I recently had a seven-year-old in my office who was listening to her father's conversations about the mistakes he had made in his life. She instantly looked up at her father with big blue eyes and said, “Daddy everybody makes mistakes, to make mistakes is human." I looked at her father and said, "Your daughter is an old soul, and on an emotional level is way beyond her years." I knew in part, that his daughter's emotional IQ was a result of he and his wife's teachings. That is the beautiful thing about parenting is that YOU can help your child to develop their emotional IQ.

 

Emotional IQ is different from intellectual IQ. Emotional IQ is the ability for a child to process and to know their feelings and the feelings of others. If they have high emotional IQ, that child will intuitively know and will be able to understand other people emotionally and relate to them accordingly.

 

This process develops naturally as children develop and mature. They experience life circumstances that teach them how to respond to others empathetically. This means they are able to put themselves in another person's shoes and know how they feel.  As children mature they get better at this and they oftentimes model their parents who do this with them and with others. That's where your training comes in because you can teach them how to imagine how another child might feel which increases your child's emotional IQ.

 

The best way to do this is to listen carefully for events that occur in your child's life.  As your child is sharing the story from his or her point of view you can say to your child, "Wow, I wonder how that made Tommy feel?” This simple question usually goes unanswered by your child and so then you need to probe until your child gives you an answer that might look like "I know Tommy felt sad when he was left out of the soccer game." 

 

Or if your child is frustrated with his sister because she continues to use his game boy you might say "I wonder why Stella wants so badly to play with your game boy?" If your son has difficulty answering this question you might throw out a couple of choices that might look like "Do you think she wants to be like her big brother?” Or do you think you've had so much fun with your game boy that she wants to have that much fun too? "

 

When a child can understand another person's perspective it raises their emotional maturity and IQ. They end up being kinder, gentler people and it teaches them how to relate to others and how they might use other relationship skills like negotiation and compromise so that they will get along better with their peers and family.

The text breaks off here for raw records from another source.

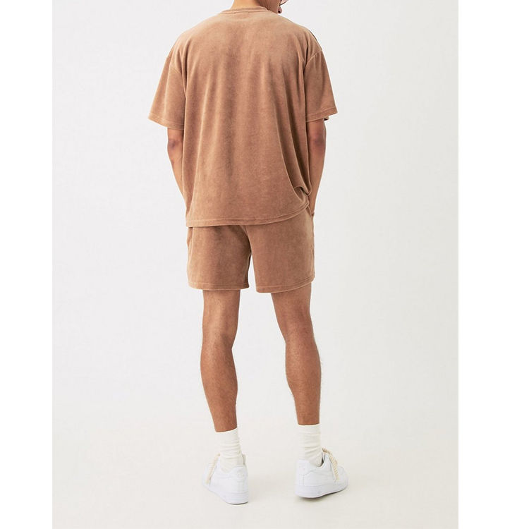 High Quality Summer Man Shorts Set O-Neck Short Sleeve Velour Oversized Printed T Shirt 10% Cotton Breathable and Plus Size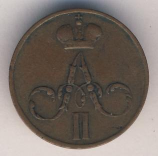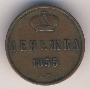Лицевая сторона — вензель Николая I, оборотная — обозначение номинала (денежка) и дата. Нормативный вес — 2,56 грамма, гурт гладкий.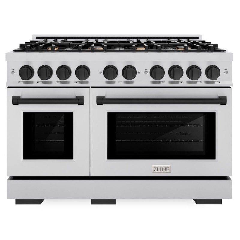 Luxury isn’t meant to be desired – it’s meant to be attainable. The ZLINE Autograph Edition 48 in. 6.7 cu. ft. Select Double Oven Gas Range with 8 Burner Cooktop in Stainless Steel and Matte Black Accents (HGRZ-48-MB) combines the elegance of a hand-finished porcelain gas cooktop with 8 Italian-made auto-reignition burners, a large gas convection oven with an energy-efficient cooling fan to ensure quiet operation, a small baking oven, Horizon oven door window designs, and stunning matte black knobs and handles allowing you to master every meal. With a modern, timeless style and refined functionality, ZLINE Select Gas Ranges are masterfully crafted to deliver an elevated culinary experience.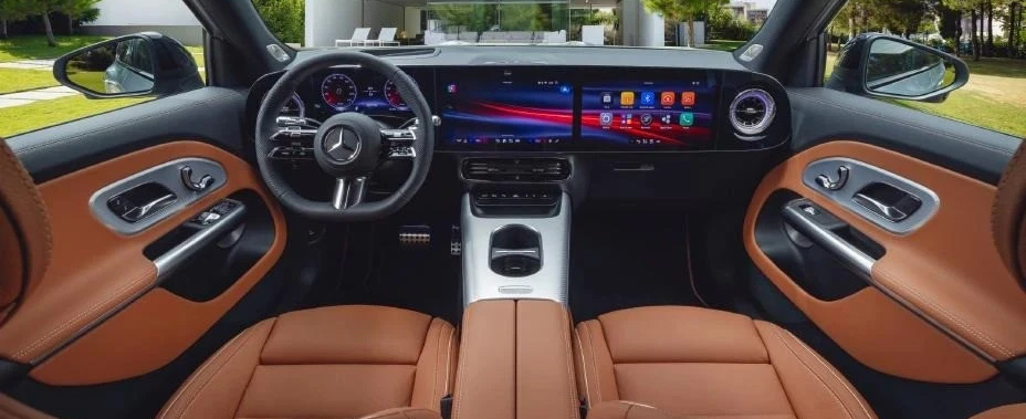 Στο εσωτερικό, η νέα Mercedes-Benz GLB είναι όσο σύγχρονη και πολυτελής περιμένεις από ένα μοντέλο της φίρμας. Πίσω από το τιμόνι, ο οδηγός έχει στη διάθεσή του έναν ψηφιακό πίνακα οργάνων 10,25” και στο κέντρο συναντούμε την 14άρα οθόνη για το infotainment, με ενσωματωμένη τεχνητή νοημοσύνη από Google και Microsoft και υποστήριξη φωνητικού βοηθού που βασίζεται στο ChatGPT. Προσφέροντας ακόμα πιο προηγμένες λειτουργίες. Προαιρετικά, ο ιδιοκτήτης μπορεί να επιλέξει το MBUX Superscreen που περιλαμβάνει μια επιπλέον οθόνη 14” στην πλευρά του συνοδηγού.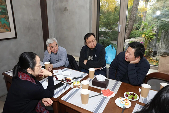 书局餐厅中,茶香满室,暖意融融。书架上,书局近期出版的各类佳作整齐排列,既有厚重的古籍整理本,也有精深的学术专著,还有面向大众的普及读物。编辑与作者们三五成群,或叙旧闲谈,笑语不绝;或就书稿进展、学术议题深入交流。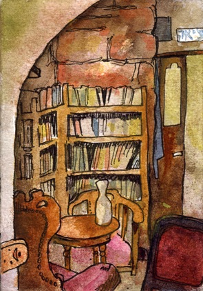 Recently I came across a new blog, Drawing Tel Aviv, and fell in love. The artist behind the fabulous watercolors of everyday life in Tel Aviv is Carol Feldman, an olah from Oklahoma, now living in Tel Aviv. What struck me is how she captures Israeli life so perfectly – just look at the guy reading the Ma’ariv Hebrew daily newspaper, with Crocs, sitting next to a sprawled out stray cat. Carol also paints the ubiquitous corner Tel Aviv cafe. I also loved her painting of humus and Israeli money. Also see what israelplug had to say about this great new talent.
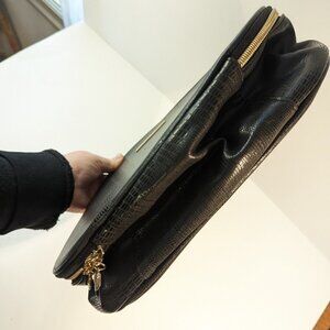 Lancôme Large Round Black Faux Alligator Embossed Patent Leather Cosmetic Case.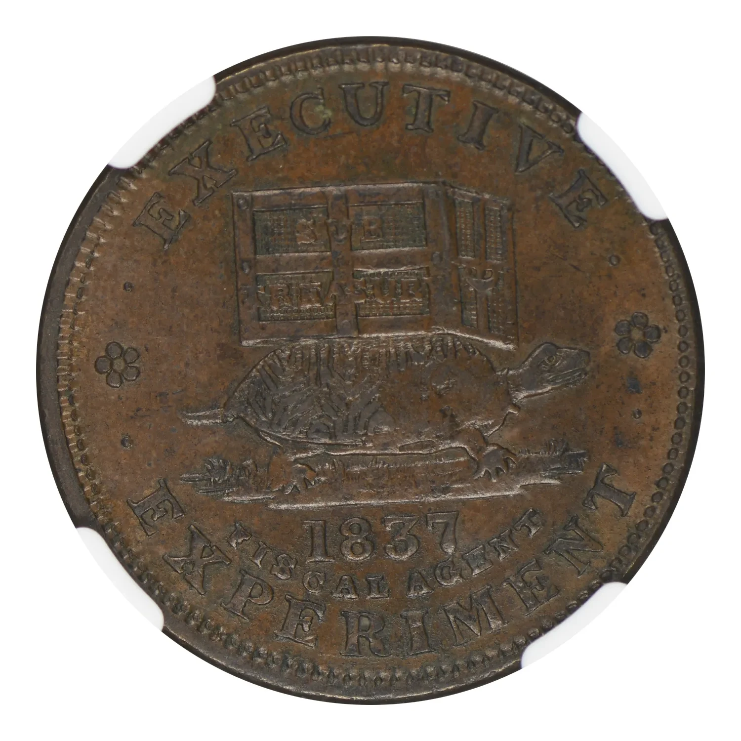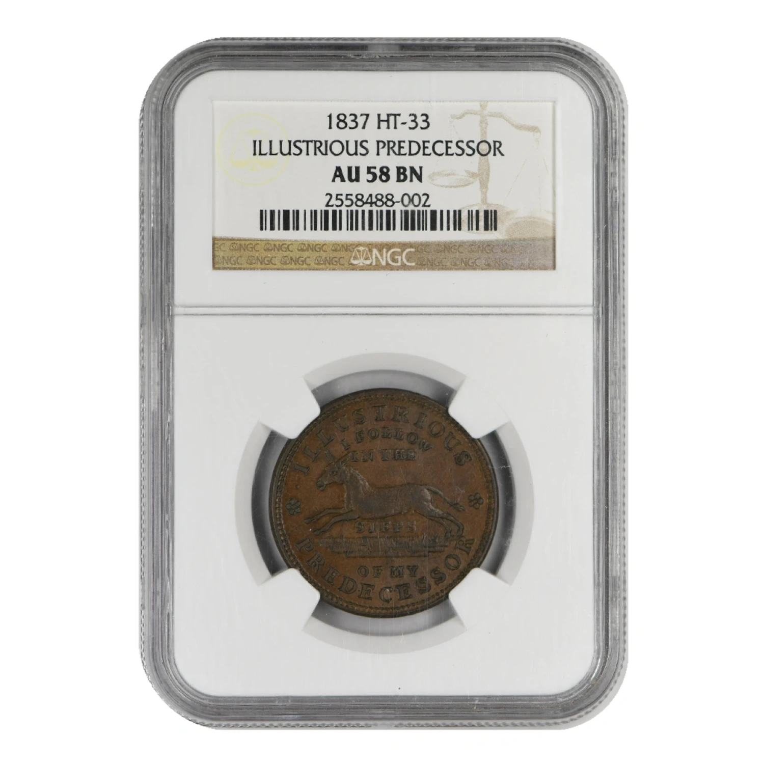 1837 Hard Times Tokens Not One Cent Copper NGC AU-58 ILLUSTRIOUS PREDECESSOR BN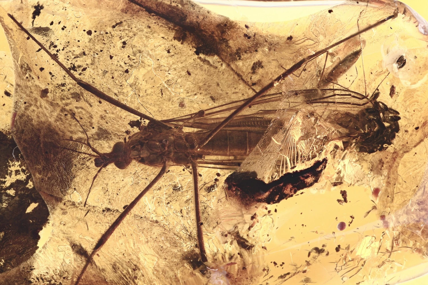 This is a beautifully detailed, 44 million year old fossil crane fly (family Tipulidae), preserved in Baltic amber. It measures 10mm long and is laying an unusually large bunch of eggs.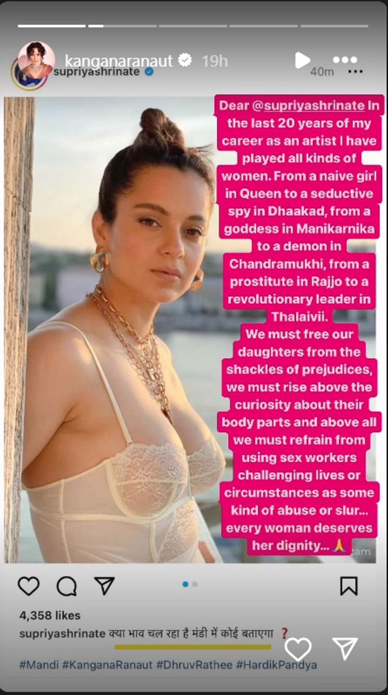 Kangana Ranaut has responded to politician Supriya Shrinate's disgusting comments which she had posted a narrative that was highly offensive and degrading. Later, she erased it. Kangana Ranaut reacted to X, saying the comment was disrespectful and that people should cease using prostitution-related phrases as slurs or abuses.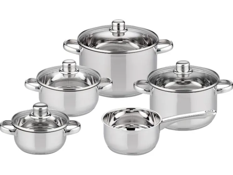 - Set van 9 delen: braadpannen, vleespannen en steelpan in verschillende maten

This increases their chances of becoming leaders in their community, becoming managers or bosses of their companies, and invariably being better people who have much to offer this world.

 

So the two most fundamental ways that you can help your child develop this type of IQ is to:

• roll model empathy yourself and share why you are seeing it from another person's point of view  

• ask some questions that begin to help them look at the process of how others might see and interpret the world.

 

You have the ability to mold your child in so many ways and helping them to develop emotional IQ sets them up for success in life!

 

Carol Juergensen Sheets, LCSW PCC is a psychotherapist and personal life coach. SHe does motivational speaking and empowerment trainings locally and nationally. To find out more about her services, contact her at  www.carolthecoach.com or call her at 317-218-3479. You can watch Carol the Coach segments on WTHR's Channel 13 Wednesdays at 12:50PM.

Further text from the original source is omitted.